### Material provided

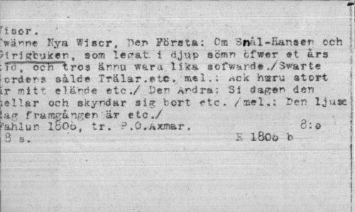 //// . j //// isor. //// 'wä^ne Nya Wiscr, Den Första; Cm Snål-Kanaen och , fIrjgfcukeri» som l e sr* t: i djup sömn tfwer et års io, och tros ännu wara lika sofward® ./Smarte ordens sålde Trälar.etc. mel.; ^ck hsrru stort .r mitt elände etc./ Den Andra; Si dagen den iellar och skyndar sig bort etc. /mel.; I^en ijuse .ag framgången "är etc./ : //// "ahlun I0O6, tr. ? .Ö.Äwnar. 8:0 //// 3 s. £• iSOo b //// - . - ¦. - - ¦ ¦ | //// I //// i ////
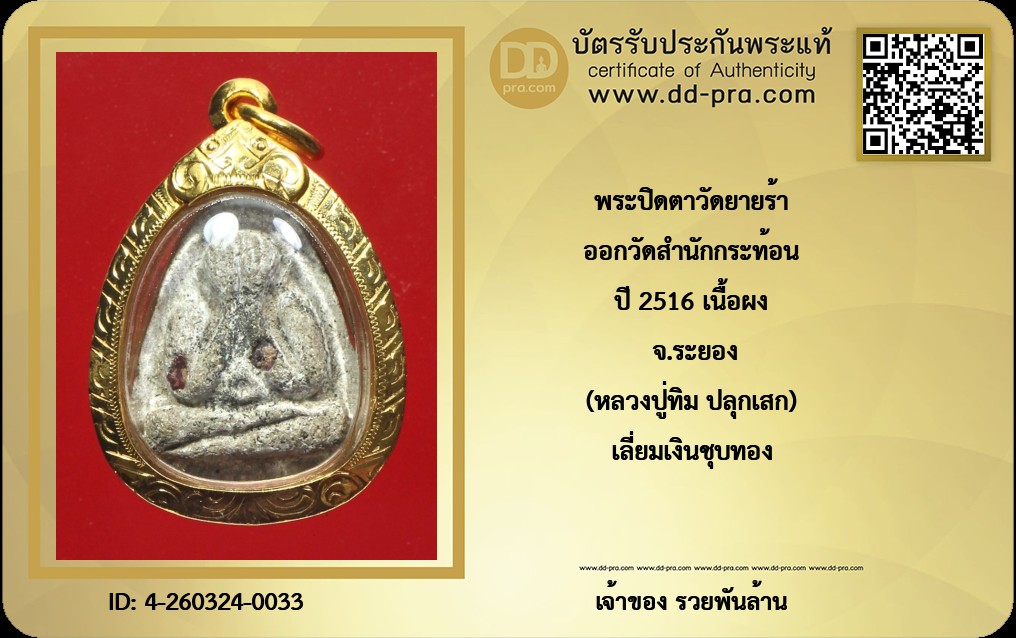 ออกวัดสำนักกระท้อน ปี 2516 เนื้อผง จ.ระยอง (หลวงปู่ทิม ปลุกเสก)
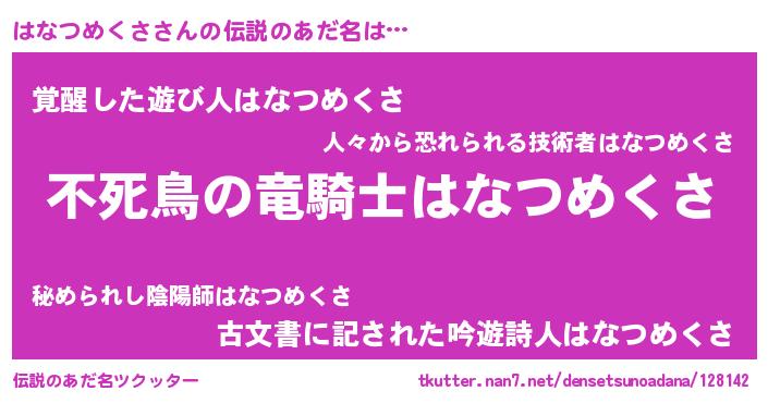 | ヒーロー風カッコイイあだ名 | 『仮面ハナダー』『スーパーハナツメクサ』 |
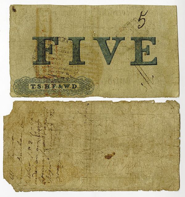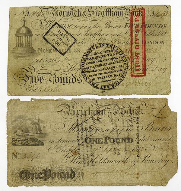 Great Britain, Lot of 2 notes, Includes Brirham Bank, 1818, £1, VG with edge faults and small pieces missing from top right corner; and Norwich & Swaffham Bank, 1822, £5, Choice VG to Fine but margins trimmed close to text and overprints on face from bankruptcy court.

### Your goal
Your task is to reproduce exactly the lines from the one that holds "ออกวัดสำนักกระท้อน ปี 2516" to the last line of the listing, and only those, omitting the pictures.

### Result of this task
 ออกวัดสำนักกระท้อน ปี 2516 เนื้อผง จ.ระยอง (หลวงปู่ทิม ปลุกเสก)
 | ヒーロー風カッコイイあだ名 | 『仮面ハナダー』『スーパーハナツメクサ』 |
 Great Britain, Lot of 2 notes, Includes Brirham Bank, 1818, £1, VG with edge faults and small pieces missing from top right corner; and Norwich & Swaffham Bank, 1822, £5, Choice VG to Fine but margins trimmed close to text and overprints on face from bankruptcy court.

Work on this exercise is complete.